## Task details
Transcribe, exactly and without pictures, the lines below from the line with "La plongée ne" to the line with "油路管线被隐藏在两侧护板内,排气管隔热也做得非常到位,从前到后很完整。", both ends included, and no others.

## Source material
══════════
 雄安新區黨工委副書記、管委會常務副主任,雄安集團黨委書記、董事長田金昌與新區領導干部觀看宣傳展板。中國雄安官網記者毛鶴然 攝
══════════
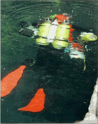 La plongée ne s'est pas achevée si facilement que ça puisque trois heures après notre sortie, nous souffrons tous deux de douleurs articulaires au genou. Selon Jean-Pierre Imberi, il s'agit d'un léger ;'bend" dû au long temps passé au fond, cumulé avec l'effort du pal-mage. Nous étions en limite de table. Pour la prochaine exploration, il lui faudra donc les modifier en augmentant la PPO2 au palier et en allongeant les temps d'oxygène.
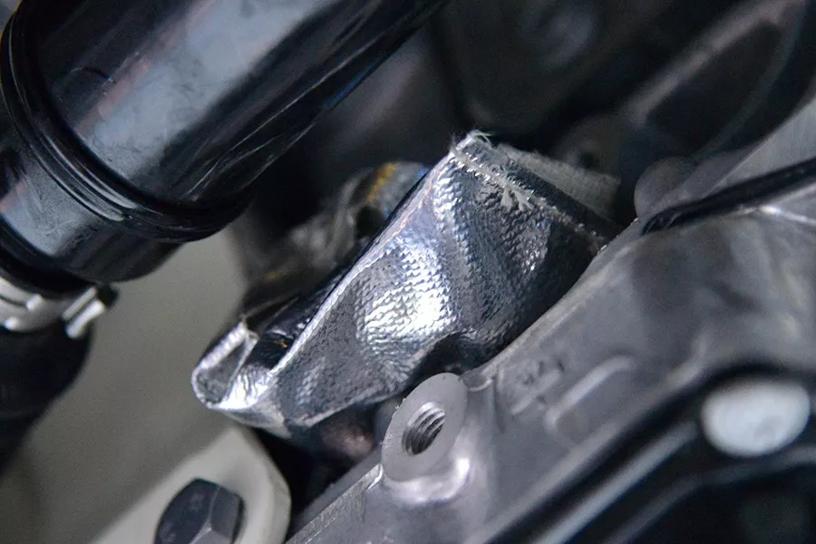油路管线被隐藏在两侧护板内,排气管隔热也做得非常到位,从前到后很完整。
══════════
## Response below
 La plongée ne s'est pas achevée si facilement que ça puisque trois heures après notre sortie, nous souffrons tous deux de douleurs articulaires au genou. Selon Jean-Pierre Imberi, il s'agit d'un léger ;'bend" dû au long temps passé au fond, cumulé avec l'effort du pal-mage. Nous étions en limite de table. Pour la prochaine exploration, il lui faudra donc les modifier en augmentant la PPO2 au palier et en allongeant les temps d'oxygène.
油路管线被隐藏在两侧护板内,排气管隔热也做得非常到位,从前到后很完整。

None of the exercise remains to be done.